BEGIN GIVEN RECORDS

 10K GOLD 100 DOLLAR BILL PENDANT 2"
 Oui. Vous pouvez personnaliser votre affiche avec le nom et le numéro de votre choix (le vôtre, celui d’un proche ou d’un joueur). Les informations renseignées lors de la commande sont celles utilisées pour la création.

END GIVEN RECORDS
BEGIN GIVEN RECORDS

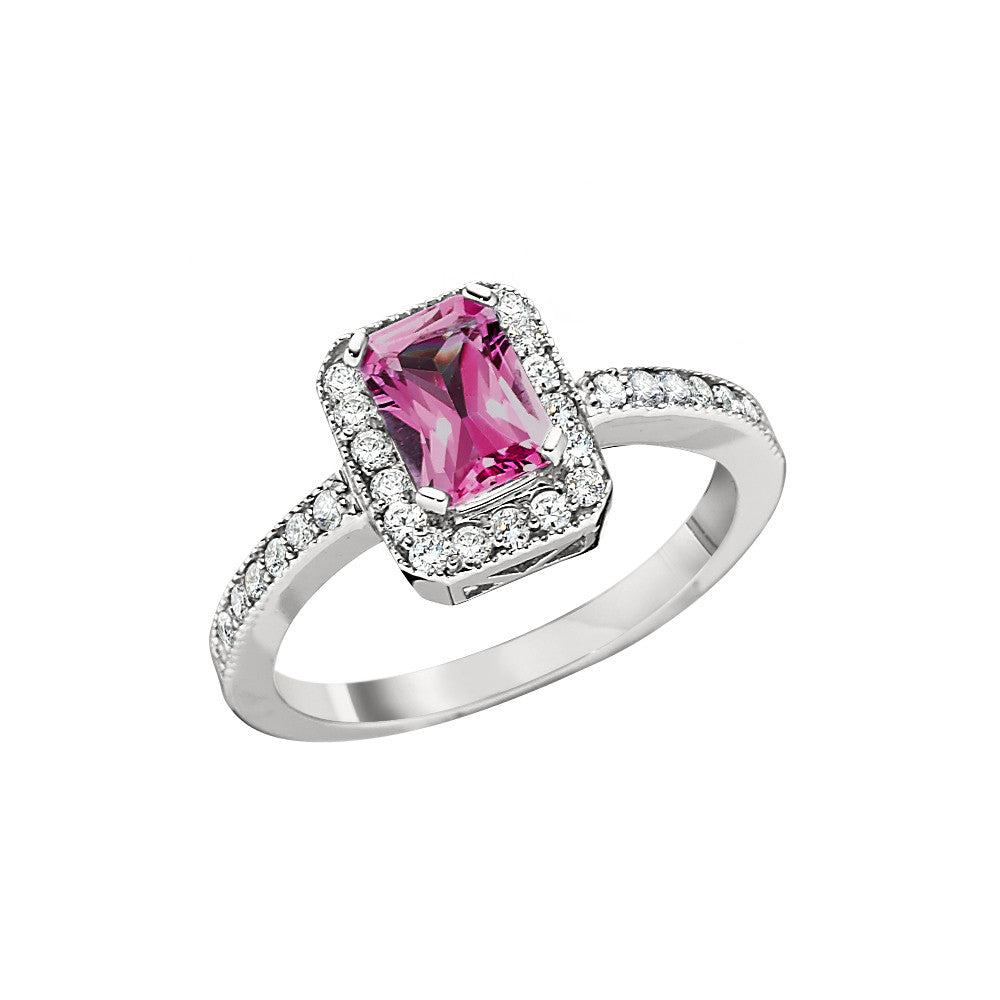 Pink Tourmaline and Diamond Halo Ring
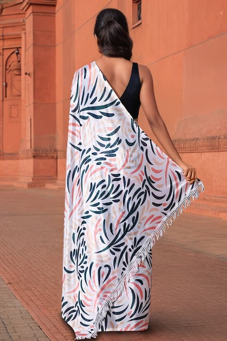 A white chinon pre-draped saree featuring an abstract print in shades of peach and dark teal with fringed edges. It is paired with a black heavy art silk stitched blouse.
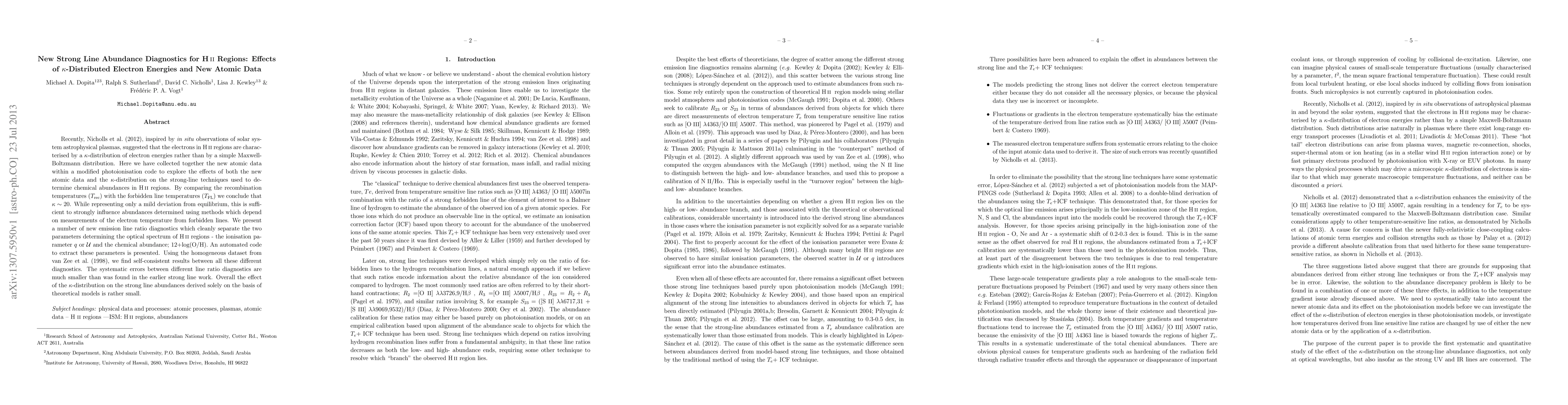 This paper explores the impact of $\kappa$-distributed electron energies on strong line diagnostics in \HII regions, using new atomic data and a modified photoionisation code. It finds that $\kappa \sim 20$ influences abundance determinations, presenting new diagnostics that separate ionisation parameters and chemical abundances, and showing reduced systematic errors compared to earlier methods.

END GIVEN RECORDS

▶ _TASK PROMPT_
Set the pictures aside and transcribe exactly the stretch of lines above, beginning with the one holding "A white chinon" and ending with the one holding "This paper explores".

▶ _EXERCISE RESULT_
 A white chinon pre-draped saree featuring an abstract print in shades of peach and dark teal with fringed edges. It is paired with a black heavy art silk stitched blouse.
 This paper explores the impact of $\kappa$-distributed electron energies on strong line diagnostics in \HII regions, using new atomic data and a modified photoionisation code. It finds that $\kappa \sim 20$ influences abundance determinations, presenting new diagnostics that separate ionisation parameters and chemical abundances, and showing reduced systematic errors compared to earlier methods.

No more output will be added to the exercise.